Jesus is not an imaginary spookish maybe-ism for any who are bent on being churchy of sorts. No, he stood up to religion and fought off its scammish life-sucking direction. That alone should gain our favoritism toward him. He broke down the barriers of religious regulation and broke open common relationship with the living and active present-day Father.
While all of that is a wow in itself, one of my very favorite things about Jesus is to know how he knew. How did he know how the woman at the well felt? He, too and as she, was being rejected as he walked the streets of Jerusalem. How does he know what it's like to be you; challenged by opponents, betrayed by best friends, insulted by the religious egoists, criticized by too many? How does he know?
My favorite thing about Jesus is that he understands you and me because he waded into the very center of human hardship. Consider as you read the gospels how he was opposed in story after story. He learned about you and me by hurting in the very middle of where you and I hurt. The Cross has a message as he hung from it; I IDENTIFY. Get it? He didn't identify with the high and mighty. He understood broken humanity...as he was so very truly broken.
So it is with our crosses that we carry. They are important because from them, where we hurt, we IDENTIFY with any and all around us who hurt in like manner. Therefore, regardless of what annoying interference we are going through at any given moment, each is quite important for we are learning how others live in similar agony.

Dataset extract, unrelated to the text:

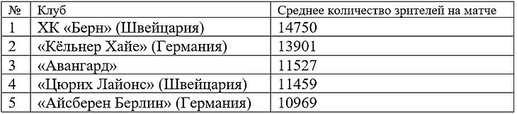 И эти цифры позволили «Авангарду» войти в топ не только в рамках КХЛ. В этом сезоне омский клуб вошёл в тройку самых посещаемых клубов на всём европейском континенте.
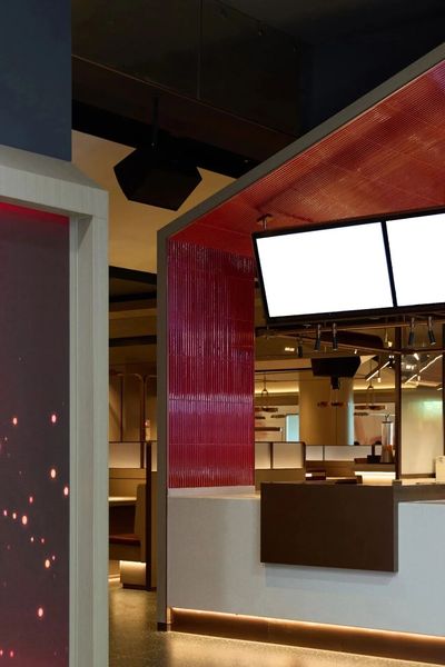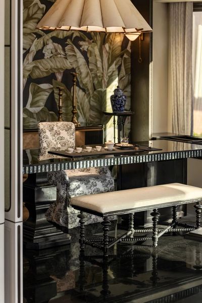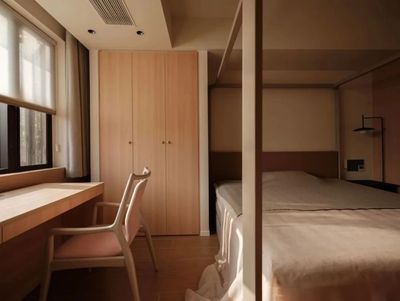 原客厅后方老人房被重新分割,巧妙融入保姆间、半开放茶室与餐厅,增强了区域间的互动与连通。餐茶区域作为家庭核心,承载着日常的情感交流。在此与好友共飨餐食、细品香茗,尽显惬意生活。

To live by avoiding pain is the worst of waste for it is our very suffering which serves as a classroom of learning how to help others...because we IDENTIFY. You see, for the most part, we are likely to spend our efforts trying to escape our frustrations, our agonies, our injuries. As a result, we live frustrated and in agony and full of pain because of one thing; we did not realize their value is for the direct intention of helping us to understand where others hurt and how we might help.
If we don't hurt, we are no help. Jesus hurt so that he could say to Father, I get it! I understand why they react the way they do because I had the very same thing happen to me; insult and rejection, pain and agony...even the way of death. I get it, Father. Show them mercy.
It is here, in what we believe are our negatives, that we find our value because we understand others in their negatives. Jesus helped us and we, via our crosses, help others. One of my favorite things about Jesus is that he understands the hills and valleys of our muddled terrain...and, with compassion, endured so that he could show us the way to meaning-full life!